Saint-Hubert airport acquires a terminal and a hotel

Saint-Hubert airport will become a hub for Canadian flights, with the announcement on Monday of the construction of a new terminal in partnership with Porter Aviation. The project, which also includes the construction of a 130-room hotel, will eventually be able to accommodate four million passengers per year.

The construction works of the new terminal with an area of ​​21,000 m2 are scheduled to begin in mid-2023 and be completed by the end of 2024. The terminal and hotel represent a $200 million investment by Aéroport Montréal Saint-Hubert, in partnership with Porter Aviation Holdings and the hotelier Holiday Inn.

Carrier Porter, which is also present at Montreal-Trudeau airport, plans to serve all major Canadian cities and will also be able to transfer passengers from regional carrier Pascan, which must add other regional services at the same time. Porter will use 78-seat De Havilland Dash 8-400 and 132-seat Embraer E195-E2 aircraft. The project should make it possible to create more than 500 permanent jobs, underlines the carrier.

The general manager of Saint-Hubert airport, Yanic Roy, wanted to be reassured at a press conference on Monday about noise pollution. Under a recent agreement, night flights will be banned from April 2024. In addition, aircraft on commercial flights gain altitude quickly, he said. “The inconvenience to local residents will be practically nil,” he argued.

“One of the parameters of the agreement with the airport is to contribute to the achievement of our objectives: we are aiming for carbon neutrality for 2050 in Longueuil. We are also talking about the quality of life of citizens, which is so important and which is respected by the development announced today,” argued the Mayor of Longueuil, Catherine Fournier.

Concerns

These remarks do not reassure the citizens who are members of the Planes Antipollution Committee – Longueuil (CAPA-L), which has been campaigning for years for better supervision of the activities of the Saint-Hubert airport and its noise pollution.

Spokesperson within this committee, Marie-Pierre Brunelle has the impression that citizens have been presented with a fait accompli. “There had been public consultations a few months ago.
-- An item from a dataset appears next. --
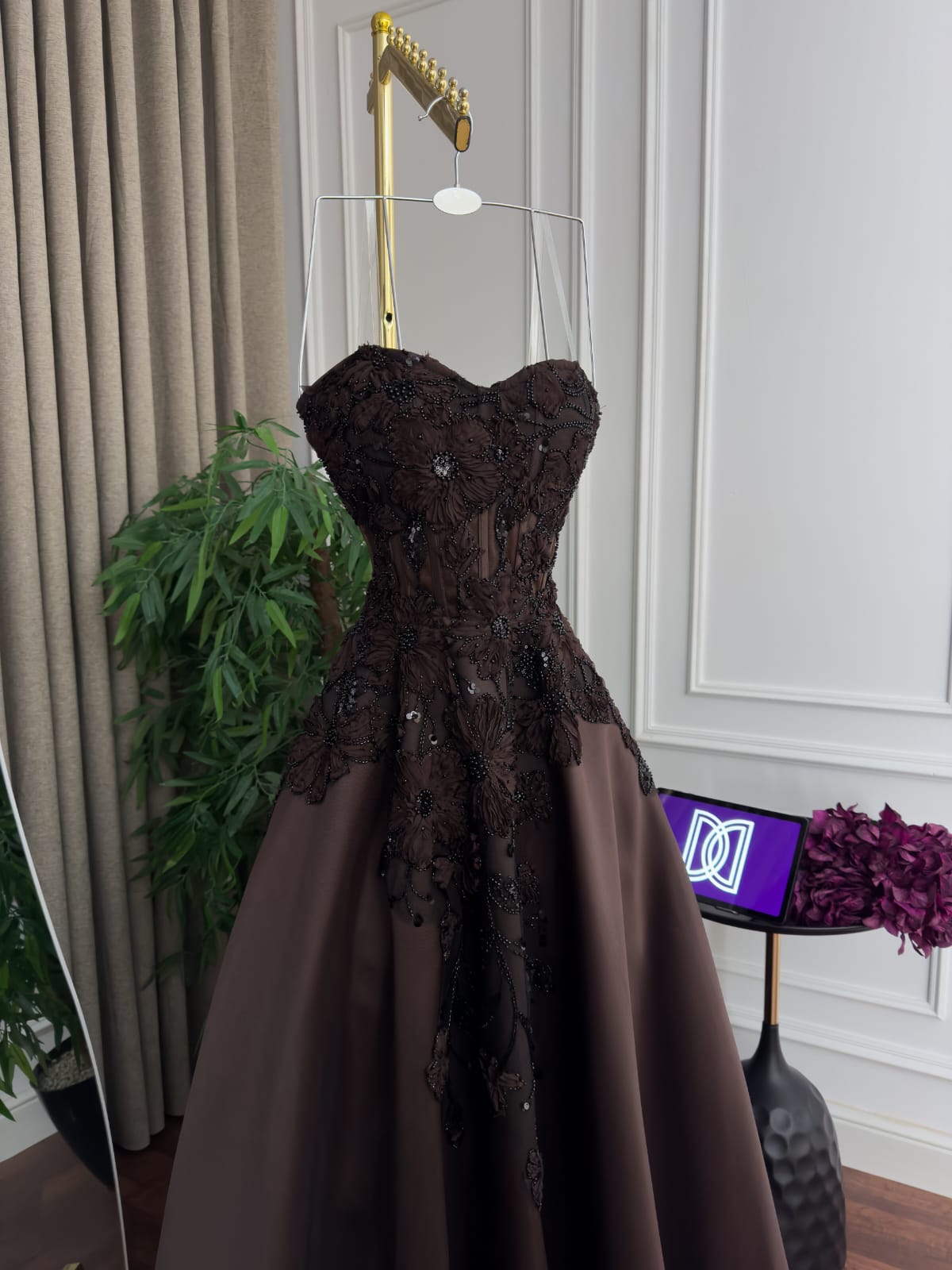فستان سهره الصدر كلفه تطريز ميكادو كلوش دبل

It was a very good step forward, but the recommendations talked about harmonious development, impact studies carried out beforehand and green energies. However, the plan announced today contradicts the recommendations of these consultations, ”she says.

Mme Brunelle points out that, for the past ten years, citizens have denounced the activities of flight schools, helicopter tours and night flights. Night activities should in theory be eliminated from 2024, but for the rest, the other existing problems will not be corrected, she indicates. “We propose an additional development. We are not fixing the situation. »

She doubts that the environmental claims related to the project will materialize. “There are no silent, non-polluting planes. They are going to do XX air transporte century. There’s nothing green about it,” she says.

A zone of innovation

The choice of Saint-Hubert has several advantages for Porter, which will benefit from lower operating costs, and it will allow it to avoid the saturation of large airports such as Pearson and Montreal-Trudeau, explains Mehran Ebrahimi, director of the International Observatory of Aeronautics and Civil Aviation, UQAM.

“It’s close to Montreal. There is a significant population density on the South Shore — and in the area that can extend to Drummondville and Trois-Rivières. Porter will also develop an electric shuttle between its terminal and the Longueuil metro. He is going to make Saint-Hubert his parent company, in a way,” he underlines.

Are citizens right to worry about noise pollution? “It’s true that the number of flights is increasing — by about 10% — but the planes that will be used will be very different from the planes we know and which create dissatisfaction. These are new generation planes, the Embraers, which are about half as noisy as the previous generation, ”he argues.

These planes gain altitude much faster and should be less disruptive than planes used by flight schools that fly at lower altitudes, adds the expert.

According to Ebrahimi, the new terminal project and the arrival of Porter could benefit the region and help create an aeronautical innovation zone around the airport. “Roughly a third of aerospace companies [au Québec] are already in the Longueuil agglomeration,” he recalled.